Our work provides one of the first examples from natural evolution, rather than directed evolution in the laboratory, showing the crucial link between protein structure, stability and evolution of new functions.

We showcase that during ortholog evolution of a novel family of invertebrate reproductive proteins there is a tradeoff between a loss of structural and kinetic stability and the acquisition of new or improved defensive traits for snail embryos. The extent to which these mechanisms are evolutionary steps or alternative trajectories in the selective expression of defensive strategies in these snail eggs remains an open question.

Considering the relatively recent split of Pomacea from its sister genus about 29 mya (Sun et al., 2019), the study highlights how a rapid evolution of structure–function features of reproductive proteins accompanied the spread and diversification of Pomacea snails across freshwater habitats. Predator-induced protein evolution may have contributed to the evolved defense strategies, ultimately playing a role in the global invasiveness of Canaliculata snails.
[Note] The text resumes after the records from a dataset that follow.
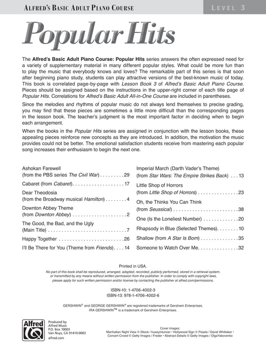 Alfred's Basic Adult Piano Course - Popular Hits Level 3 Book
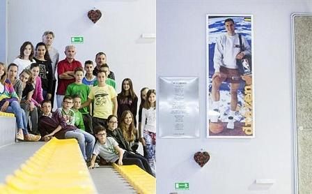 "U dvorani Osnovne škole 'Ravne njive' u Splitu koja nosi ime Dražena Petrovića i u kojoj djeluje Školsko sportsko društvo 'Dražen Petrović' danas je polaganjem vijenca uz spomen ploču i veliku fotografiju prerano preminulog proslavljenog košarkaša te revijalnom učeničkom utakmicom obilježena pedeseta obljetnica njegovog rođenja.
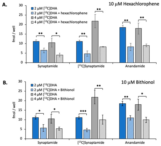 As seen in Figure 6, 10 μM hexachlorophene inhibited the production of [13C]synaptamide by 65% in Neuro2A cultures incubated with either 2 or 4 μM [13C]DHA in the presence of URB597 (Figure 6A, middle set of bars). Bithionol inhibited [13C]synaptamide production to a similar extent (Figure 6B, middle set of bars). The production of synaptamide (left set of bars) and anandamide (right set of bars) derived from endogenous substrates was also reduced by these NAPE-PLD inhibitors.
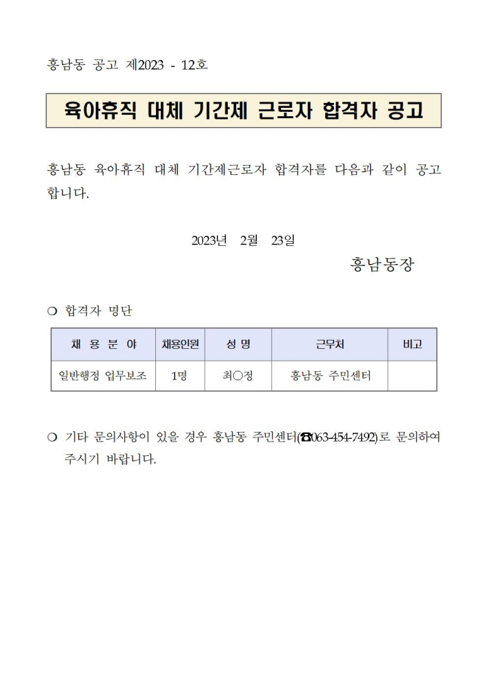 | 306 | 흥남동 기간제근로자 합격자 공고 |

M.Y.P. and H.H. are members of CONICET, Argentina. M.S.D. is a member of CICBA, Argentina. We thank L. Bauzá for her help in PpaPV1 purification and Dr L. Falomir-Lockard for help in DLS analysis. We also thank R. V. Becerra for her technical assistance in western blot assays. We acknowledge the participation of the Protein-Glycan Interaction Resource of the CFG and the National Center for Functional Glycomics (NCFG) at Beth Israel Deaconess Medical Center, Harvard Medical School (supporting grant R24 GM137763).